My Own Mind Is My Own Enemy

   I have lived with depression for as long as I can remember. I have woken up time after time with the feeling that my world should have ended ages ago and yet I still live. I have had the best days of my life ruined by my mind racing with doubts and my insecurities digging into my heart and lungs. I have lived with my mind telling me that all your compliments are not real and you all just want something from me. I have lived with staring at potential dangerous things and letting my mind wonder how fast it could end my life if I let it.  
   I battle my with my mind everyday.
   Have I done something about it? Have I gotten help for it? Did I know there is programs out there that can help me? Yes, yes, and yes. It isn't something that you pay cash for and sit through a few classes, pop in some anti depressants and I am all good gracious. I wish it worked that way, but it really didn't. 
  The mental health care that was provided to me was either a temporary fix or just made things worse. I was at the mercy of these people that gave me promises that "everything is going to be okay" and I trusted that this was going to work. I had people tell me that all this worked for them and I should give it a go. 
   In all honesty, I felt like I was broken. I felt like nothing in this world was going to work for me, I was just a defect and nothing could do anything about it. I tried every little thing that I could to break from this "Self Pity Cycle" and everything that every doctor suggested and every other depression  overcomer said worked for them and nothing worked for me. 
   I have been like this since as long as I can remember and I learned my own nick-nack tricks that could give me a quick fix from it.
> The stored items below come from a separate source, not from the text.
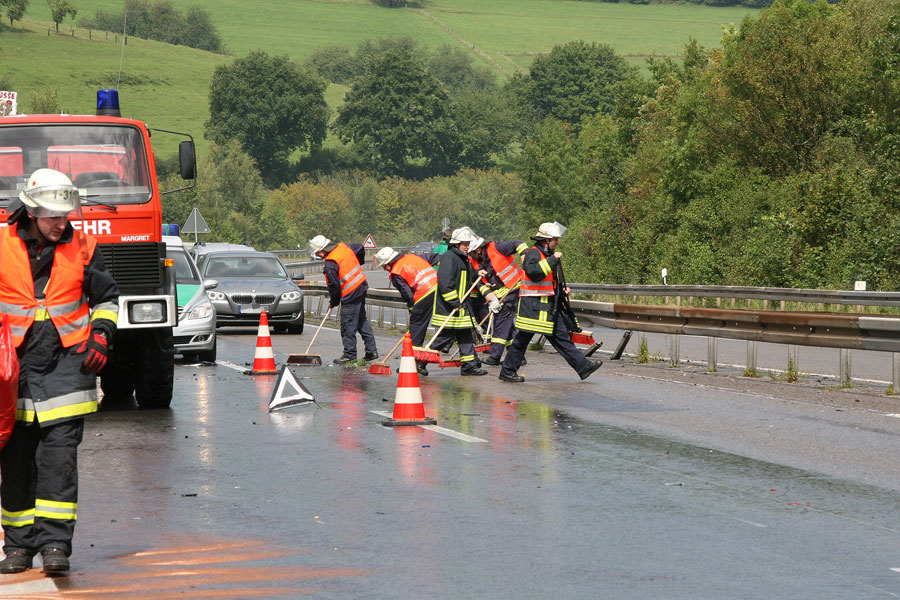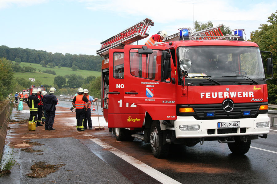 Da aus dem Unfallfahrzeug Betriebsstoffe austraten, wurden die Feuerwehr Eppelborn gegen 12:36 Uhr von der Polizei angefordert. Die Einsatzkräfte sicherten die Unfallstelle gemeinsam mit den Beamten der Polizei gegen den fließenden Verkehr und streuten die ausgelaufenen Betriebsstoffe mit Bindemitteln ab. Zusätzlich mussten Trümmerteile des Fahrzeugs von der Fahrbahn entfernt werden. Die Unfallstelle wurde an Polizei und Autobahnmeisterei übergeben.
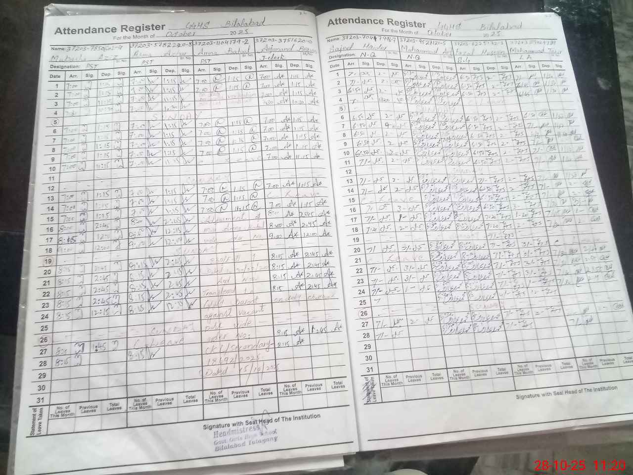 | CNIC | Full Name | Designation | R/C | Absence During Last Calender Month |
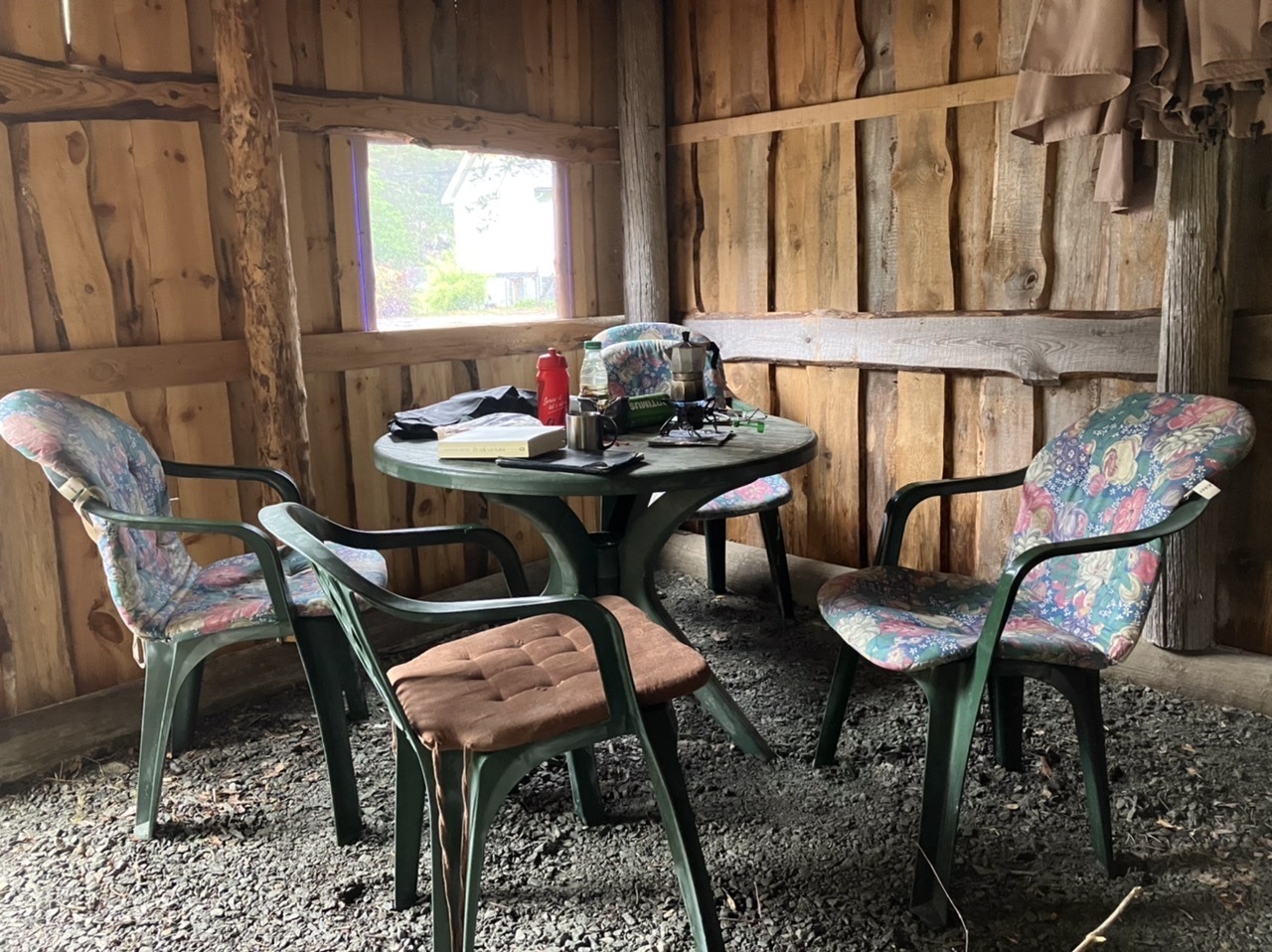 oals voorspeld een dag met regen, ik ben op tijd wakker, maar met regen en geen plannen voor deze dag blijf ik liggen. Dat hou je natuurlijk niet de hele dag vol en rond half tien ga ik richting douche. Onderweg krijg ik koffie aangeboden van de eigenaar en dat sla ik uiteraard niet af. Na 2 koppen koffie zijn we een uur verder en ga ik alsnog even douchen.
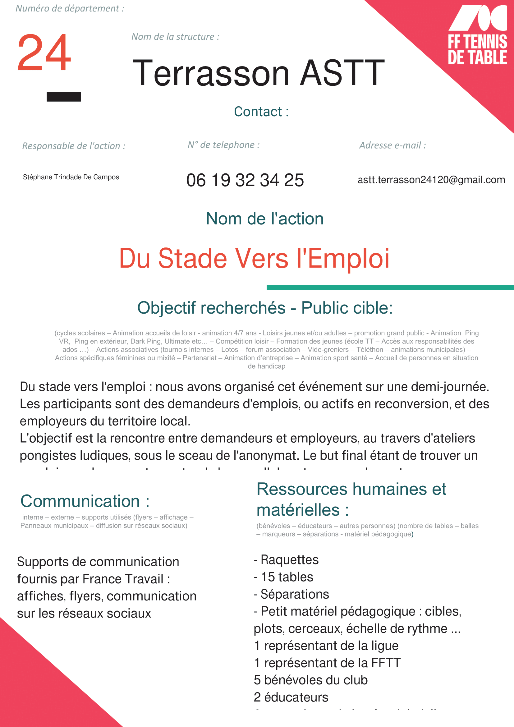 Nom de l’action : Du Stade Vers l’Emploi

I learned that reading, painting, and writing fixed my mood after a good session, but it never helped with my mood for the rest of the day. It was one of those hour boosters that helped me distract myself from what I was actually hiding inside. These distractions were indeed distractions and nothing more. It was not a cure it was not something that helped a person like me. 
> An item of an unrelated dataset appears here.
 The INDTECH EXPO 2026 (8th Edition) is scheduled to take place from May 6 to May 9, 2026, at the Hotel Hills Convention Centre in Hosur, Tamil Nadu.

  For mild cases of depression it is said that a walk in the park, breathing the fresh air and talking to loved ones on the regular worked. I also heard that having someone to talk to helps and have friend dates work but not for me. I tried sleeping more, sleeping less, eating more, eating less, exercising more, and having a rest...none of it worked. I have tried therapy and getting down to the "root of the problem" and it didn't go at all too well. I ended up blaming other people for what I felt and it was indeed not that. I came to the conclusion that the root of the problem was my dopamine levels and I should just be put on medication hoping that anti depressants would save me from myself. I took them for about a year, changing the meds and doses and I weened off of them eventually because I found myself taking more than I thought possible. I was getting way too dependent on them and it scared me. 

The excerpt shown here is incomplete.